Suddenly, she was everywhere, delivering hit after hit – 25 singles made the UK charts top 50 between 1981 and 1996 including You Keep Me Hanging  On, Chequered Love and You Came – winning a Brit Award and opening for Michael Jackson’s 1988 Bad world tour.

‘That was amazing,’ she says. ‘It was such a privilege. I did 30-odd shows for Michael Jackson all over the world.’  What was he like? ‘An artist. Such talent. But apart from the publicity photo I didn’t see him. He was so private.’  

Another pop legend, David Bowie, who Kim also supported on tour, was more approachable. ‘He would come and wish me luck before the show. He was a positive person but I was star-struck by Bowie. He was doing his Sound + Vision album and he was awesome.’  

And then suddenly she was nowhere. Yes, she was still  making music and touring, but she seemed to have stepped out of the spotlight to make way for the likes of Madonna. Kim secured a starring role in The Who musical Tommy in the West End, married co-star Hal Fowler and threw herself into family life, going to horticultural college during her first pregnancy so she could learn to create a garden for her children, Harry, now 24,  and Rose, 22.  

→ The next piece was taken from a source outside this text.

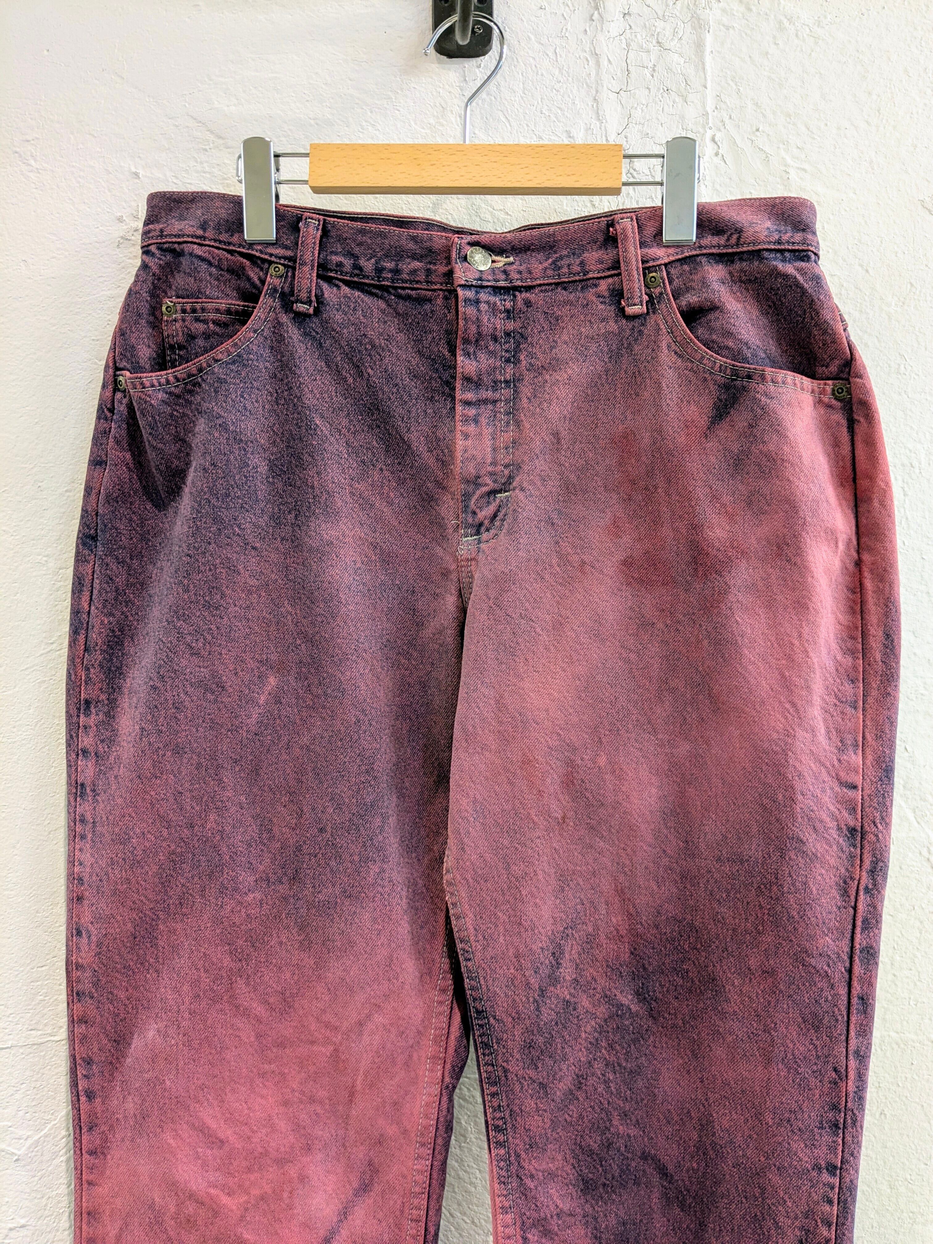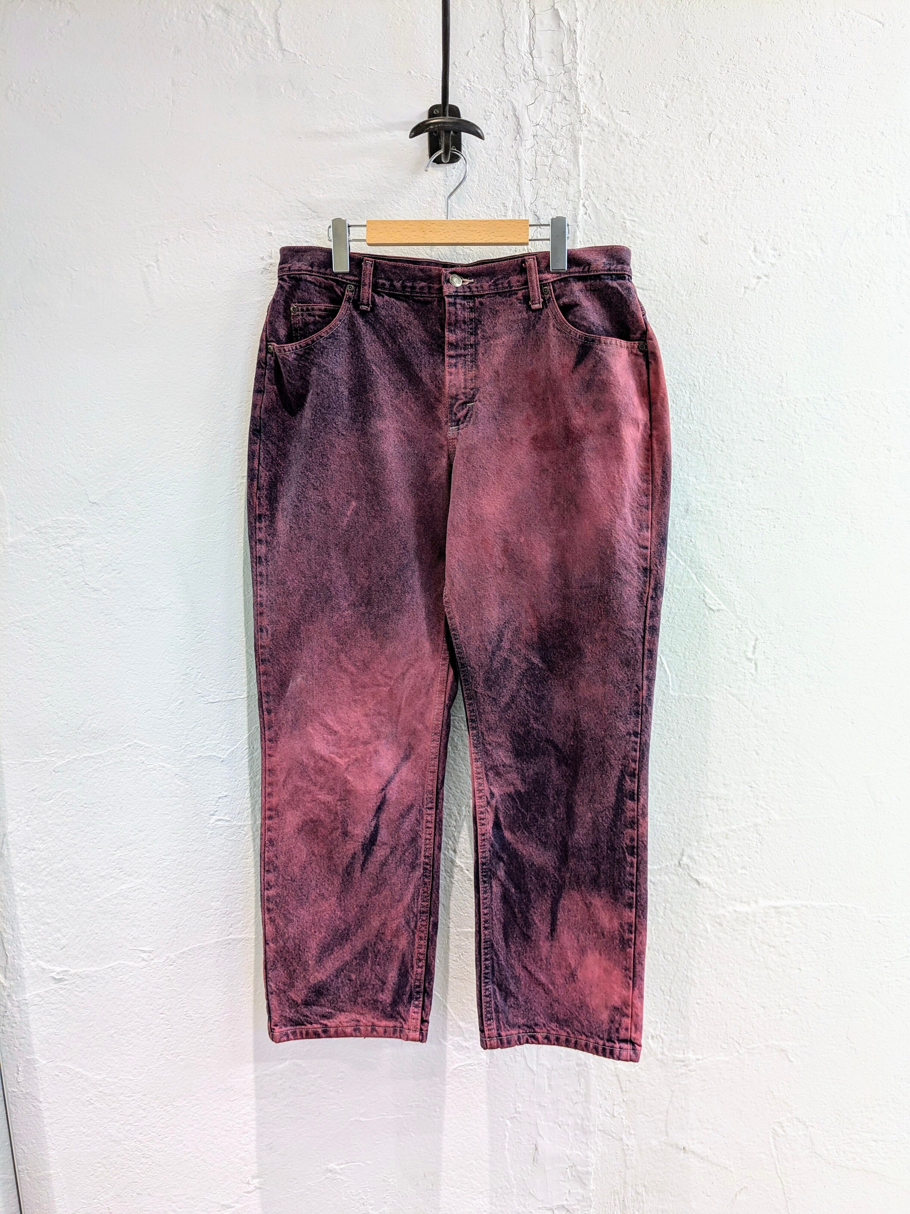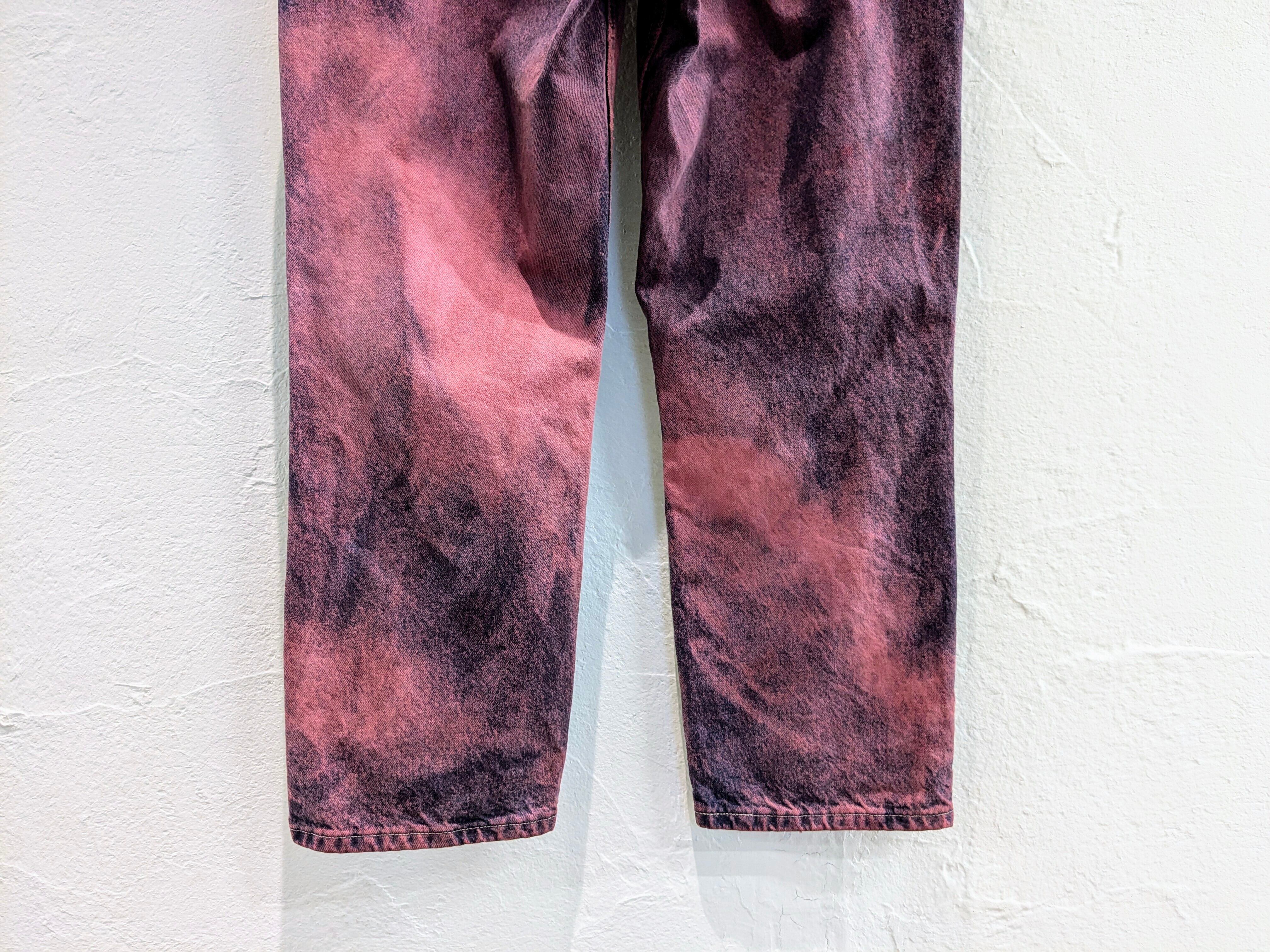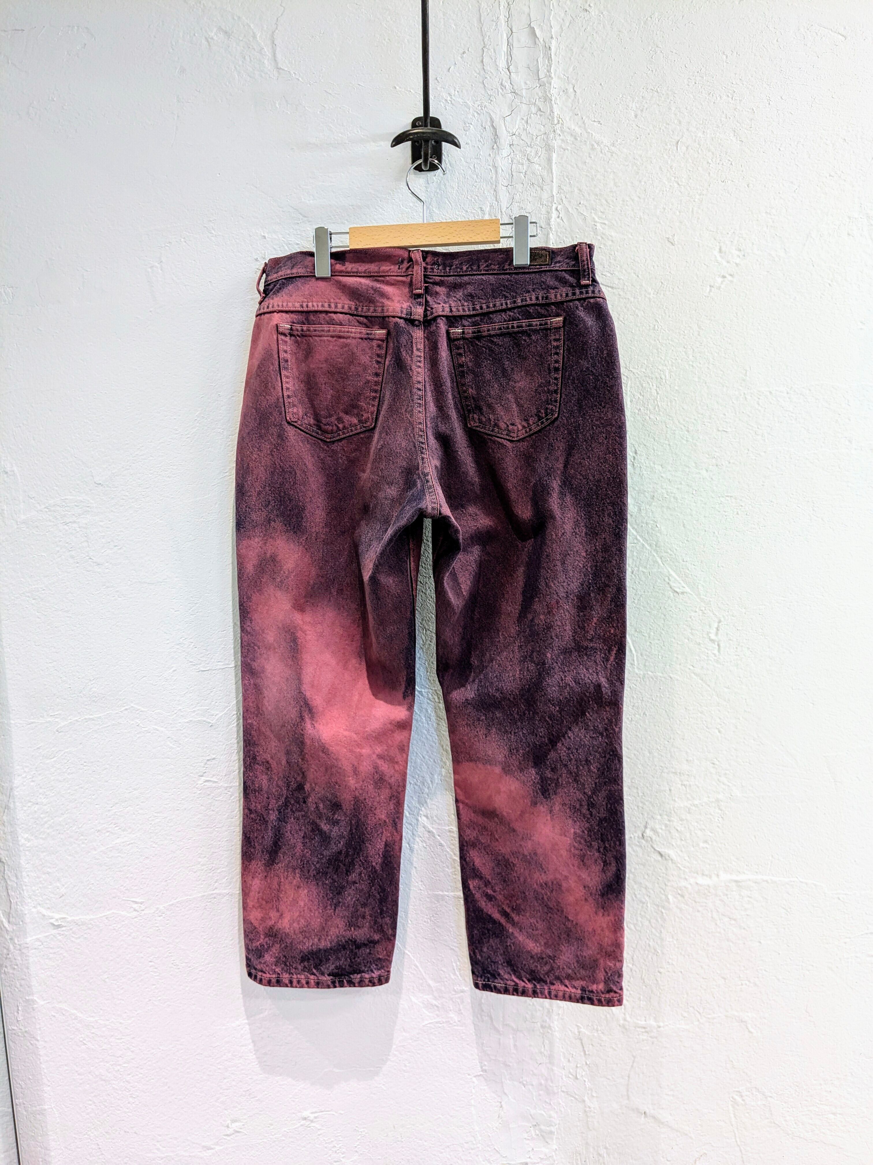 シルエットはゆったりとしており、ワイドめをお探しの方へはオススメ。古着で探すとなかなか出てこない、色、シルエットとなっています。若干色ムラなどはございます。

She said she was ecstatic to change her name on her passport, cheque book and driving license. ‘I’d had a career,’ she told The Guardian. ‘It was exhausting, that career, and I was so relieved to be Mrs Fowler, under the radar completely and bringing up kids and taking them to school and cooking toad in the hole.’  

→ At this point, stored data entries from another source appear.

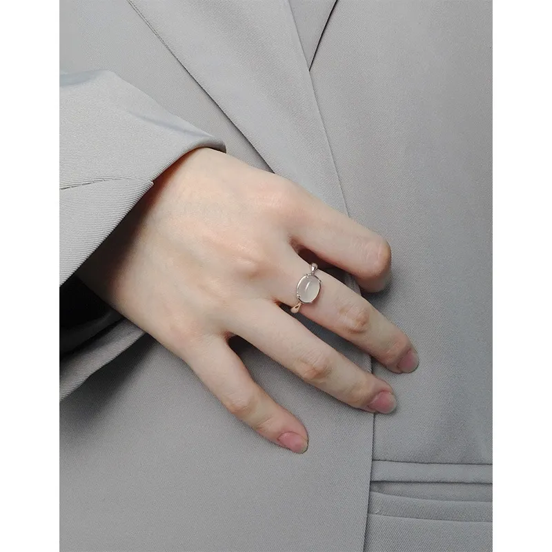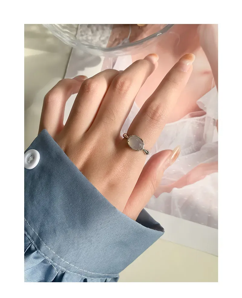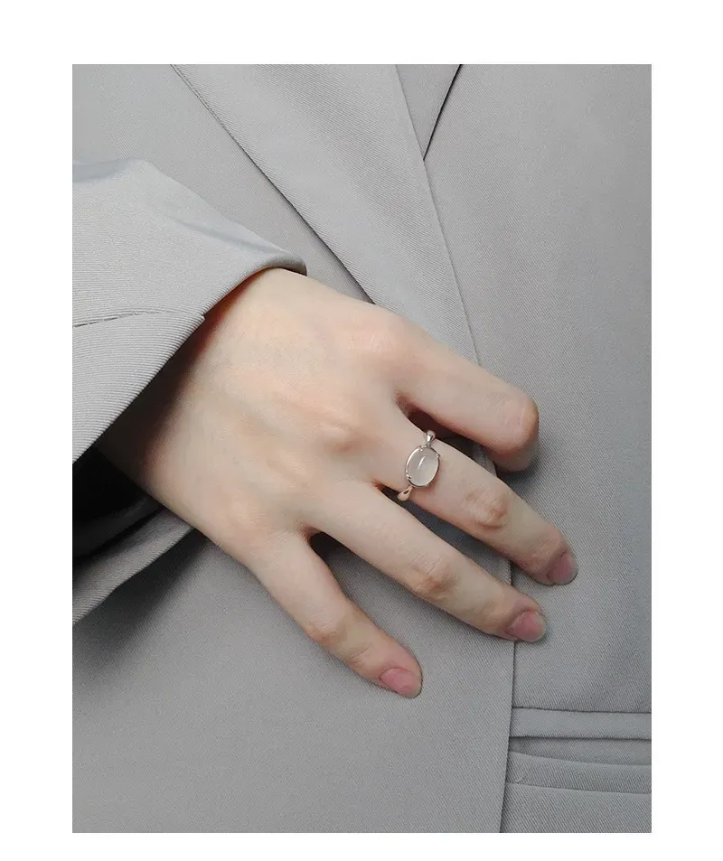 • Patterns or Textures: The band boasts a smooth, highly polished finish, reflecting light with subtle brilliance. This sleek texture contrasts beautifully with the soft, unblemished surface of the oval gemstone, creating a harmonious balance between refined elegance and the raw, imperfect beauty of nature.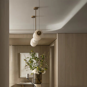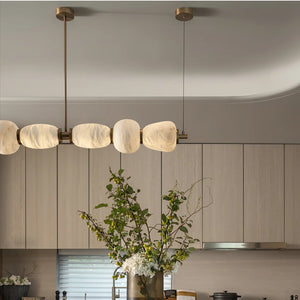 Ideal for dining tables, kitchen islands, or other statement areas, the Alabaster Pebble Linear Chandelier is a sculptural centerpiece that reflects Vakkerlight’s mastery in transforming natural materials into functional art. The 59.1″ suspension rod can be spliced for custom ceiling heights, ensuring a perfect fit for any interior.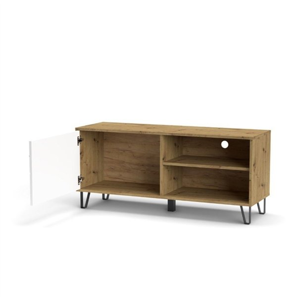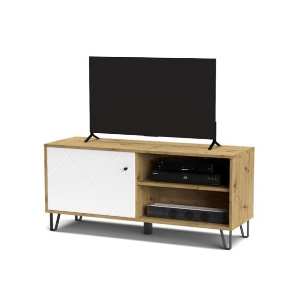 Mobile porta TV dotato di anta e vano a giorno colore rovere bianco.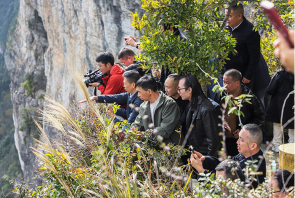 当日下午,老师们随考察团抵达史料记载中廪君部落的发源地三里城(武落钟离山),在现场观看了令人震撼的翼装飞行和滑翔伞表演赛,学者们不时驻足观察、记录细节、交流观点。近年来,巴东水布垭对廪君文化IP进行大力打造,通过举办翼装飞行、滑翔伞比赛等特色赛事,探索出文体旅融合发展的路径,既让三里城从“深山秘境”走进大众视野,也让廪君文化大幅度提升社会知晓度,这为川东巴文化研究成果的应用转化提供了实际的参考思路,具有重要的借鉴意义。

It turned out she was so good at landscape gardening however, that it launched a whole new career. She was asked to be a designer on  Channel Four’s Better Gardens and a year later started filming Garden Invaders for the BBC. She’s written two gardening books – Gardening with Children and The First-Time Gardener and in 2005 won Gold for her courtyard garden at Chelsea.  

‘That meant I had two careers and was also juggling raising two children I’d had within two years of each other. But I loved it all and I could never choose between music and gardening. I have to do both. Though my garden is my baby.’  

It was a video just before Christmas 2012 that unexpectedly put the focus back on her pop career when she was filmed singing on a train home from a Magic FM Christmas party wearing a pair of festive antlers.  

‘It was my brother Ricky’s idea,’  she laughs. ‘We’d had too many cocktails and he suggested singing and someone filmed it.’  

The clip went viral and Kim was back in demand as much for her music as her horticultural talents. Last year she celebrated 40 years in the music industry and is back touring with Boy George, Lulu and Bananarama.  

‘There’s a huge warmth between all the artists and, of course, George and I recorded Shine On together during lockdown. We’ve been friends for decades’. 

The show is a precursor to her Greatest Hits Tour across the UK in September before spanning Europe up to the end of the year. 

‘I’m excited,’ Kim says. ‘I’m currently trying out sets. It’s going to be fun. But I tour in the autumn because that’s when I can leave my garden.’  

Does she feel under pressure to still look as good as she did when she was young? ‘There’s a certain pressure but I’ve just accepted that. It’s part of my career. I’ve never felt overwhelmed to have anything done. There are far more interesting things to think about every day than my looks. Luckily, the music industry isn’t as mercenary as the movie business. As long as you can still carry a tune, and still walk, you go on forever. My dad [early UK rock n roll star, and Knebworth resident, Marty Wilde] is 83 and has just performed to a packed audience in London.’  

And with that assessment of her future, she’s off to tend to her beloved garden – ‘I’m growing kale, beetroot, courgettes, and baby cucumbers’ – where she can sip a cold drink, look up at the big sky, and maybe have another Wilde encounter.